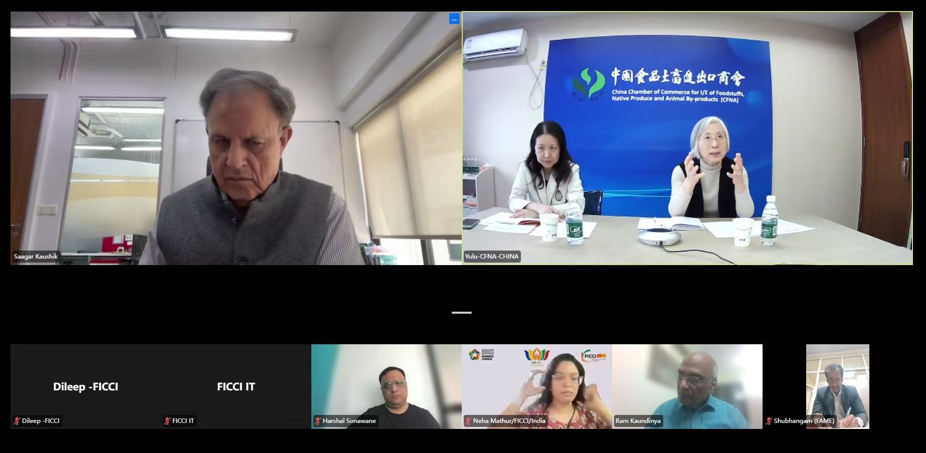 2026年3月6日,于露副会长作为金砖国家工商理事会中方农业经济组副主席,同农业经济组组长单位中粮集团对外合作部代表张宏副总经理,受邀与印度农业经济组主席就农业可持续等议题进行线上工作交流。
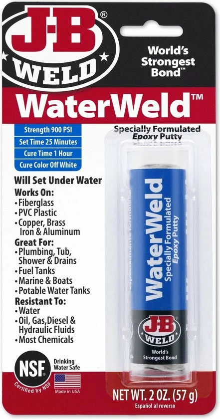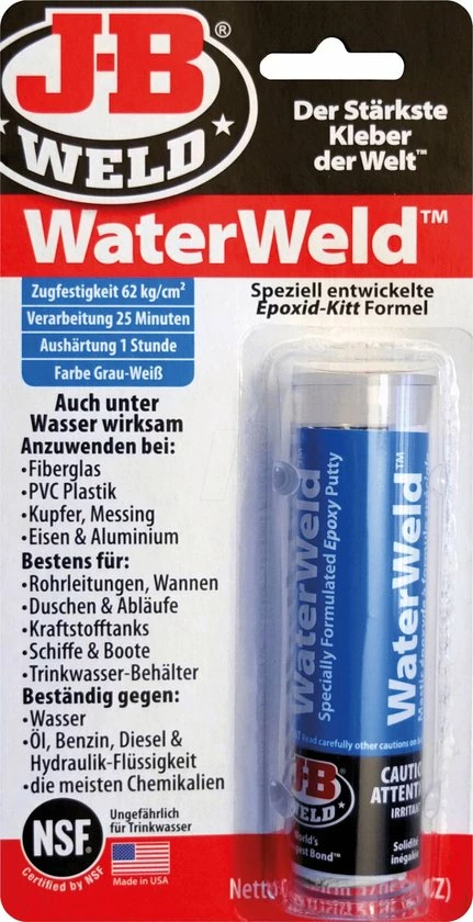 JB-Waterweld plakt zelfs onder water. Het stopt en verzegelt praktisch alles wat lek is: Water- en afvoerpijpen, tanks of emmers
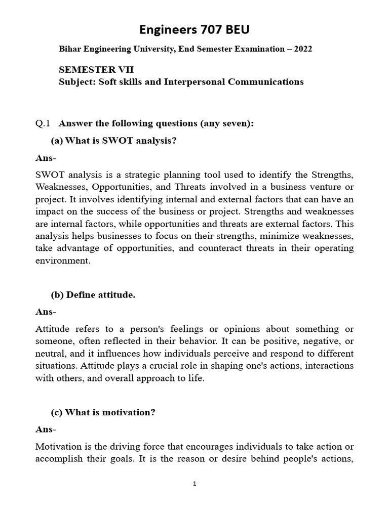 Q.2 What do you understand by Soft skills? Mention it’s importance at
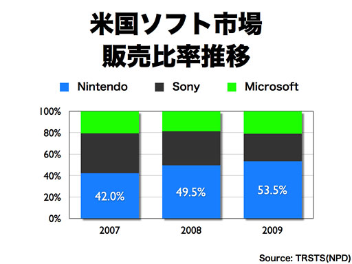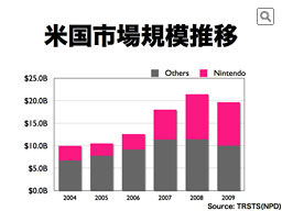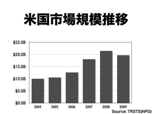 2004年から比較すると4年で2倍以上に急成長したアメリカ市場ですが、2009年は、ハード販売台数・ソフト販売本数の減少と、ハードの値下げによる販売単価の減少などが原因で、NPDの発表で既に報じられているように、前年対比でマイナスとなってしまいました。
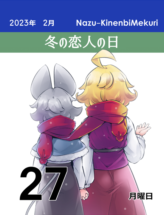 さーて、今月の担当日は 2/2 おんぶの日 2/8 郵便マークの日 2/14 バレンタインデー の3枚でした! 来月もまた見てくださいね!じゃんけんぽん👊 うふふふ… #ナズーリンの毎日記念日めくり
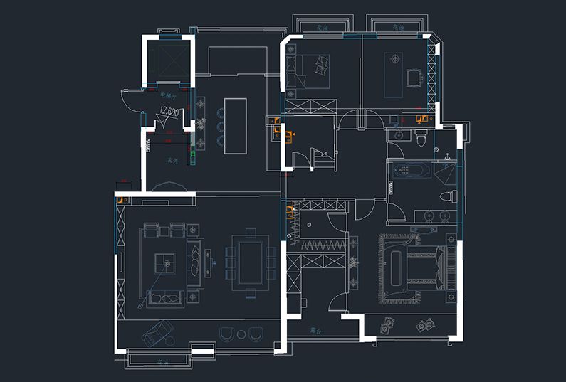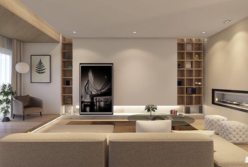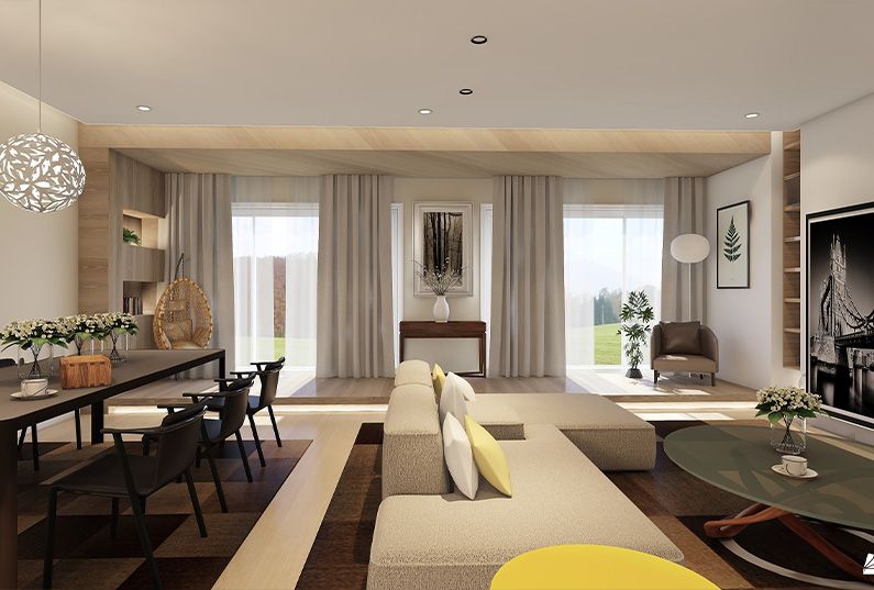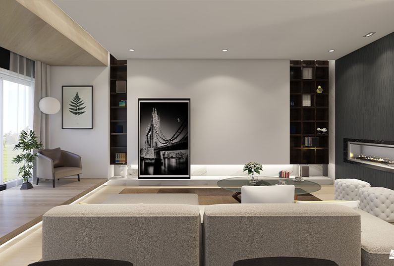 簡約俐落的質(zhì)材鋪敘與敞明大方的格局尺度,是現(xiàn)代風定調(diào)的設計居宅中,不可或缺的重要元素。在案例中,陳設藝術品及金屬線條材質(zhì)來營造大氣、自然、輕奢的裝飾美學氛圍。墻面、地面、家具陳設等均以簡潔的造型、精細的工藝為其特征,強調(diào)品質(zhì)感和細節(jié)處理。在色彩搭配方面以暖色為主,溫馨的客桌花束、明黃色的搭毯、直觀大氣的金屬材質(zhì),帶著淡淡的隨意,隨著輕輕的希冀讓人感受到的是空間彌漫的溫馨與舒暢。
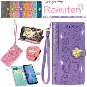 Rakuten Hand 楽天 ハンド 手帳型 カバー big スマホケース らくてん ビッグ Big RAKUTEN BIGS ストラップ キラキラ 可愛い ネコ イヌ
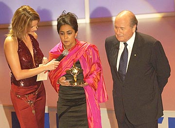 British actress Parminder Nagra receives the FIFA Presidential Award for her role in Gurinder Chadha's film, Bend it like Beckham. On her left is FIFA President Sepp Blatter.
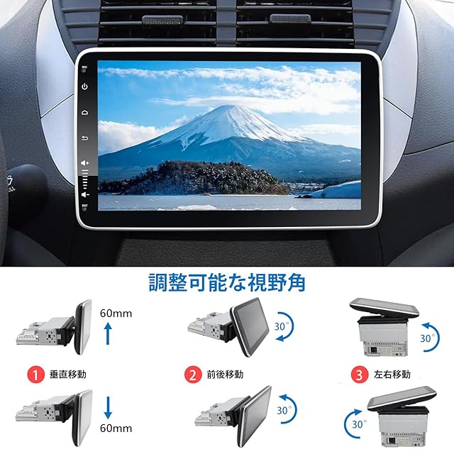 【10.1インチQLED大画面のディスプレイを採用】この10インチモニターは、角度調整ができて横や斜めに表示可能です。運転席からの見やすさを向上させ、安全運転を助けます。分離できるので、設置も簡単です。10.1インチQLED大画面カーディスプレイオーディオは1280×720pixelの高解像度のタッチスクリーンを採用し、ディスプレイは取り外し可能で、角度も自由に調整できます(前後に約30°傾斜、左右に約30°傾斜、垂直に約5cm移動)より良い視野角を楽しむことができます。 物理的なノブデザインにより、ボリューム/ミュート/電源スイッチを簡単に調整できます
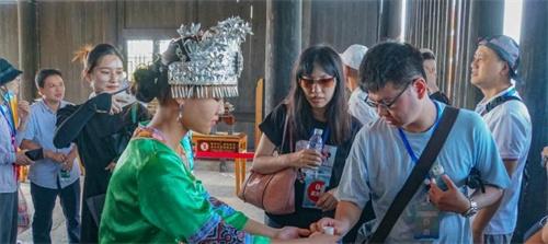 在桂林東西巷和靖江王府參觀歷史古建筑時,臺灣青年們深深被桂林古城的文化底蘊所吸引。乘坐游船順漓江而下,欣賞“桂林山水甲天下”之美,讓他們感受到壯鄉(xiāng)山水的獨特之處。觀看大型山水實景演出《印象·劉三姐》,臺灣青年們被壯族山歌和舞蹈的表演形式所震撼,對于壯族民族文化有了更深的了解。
################
• What the exercise asks
The lines to set down run from the line with "2004年から比較すると4年" up to and including the line with "Rakuten Hand 楽天" in the entries above. Reproduce them exactly, with no pictures.

• Answer
 2004年から比較すると4年で2倍以上に急成長したアメリカ市場ですが、2009年は、ハード販売台数・ソフト販売本数の減少と、ハードの値下げによる販売単価の減少などが原因で、NPDの発表で既に報じられているように、前年対比でマイナスとなってしまいました。
 さーて、今月の担当日は 2/2 おんぶの日 2/8 郵便マークの日 2/14 バレンタインデー の3枚でした! 来月もまた見てくださいね!じゃんけんぽん👊 うふふふ… #ナズーリンの毎日記念日めくり
 簡約俐落的質(zhì)材鋪敘與敞明大方的格局尺度,是現(xiàn)代風定調(diào)的設計居宅中,不可或缺的重要元素。在案例中,陳設藝術品及金屬線條材質(zhì)來營造大氣、自然、輕奢的裝飾美學氛圍。墻面、地面、家具陳設等均以簡潔的造型、精細的工藝為其特征,強調(diào)品質(zhì)感和細節(jié)處理。在色彩搭配方面以暖色為主,溫馨的客桌花束、明黃色的搭毯、直觀大氣的金屬材質(zhì),帶著淡淡的隨意,隨著輕輕的希冀讓人感受到的是空間彌漫的溫馨與舒暢。
 Rakuten Hand 楽天 ハンド 手帳型 カバー big スマホケース らくてん ビッグ Big RAKUTEN BIGS ストラップ キラキラ 可愛い ネコ イヌ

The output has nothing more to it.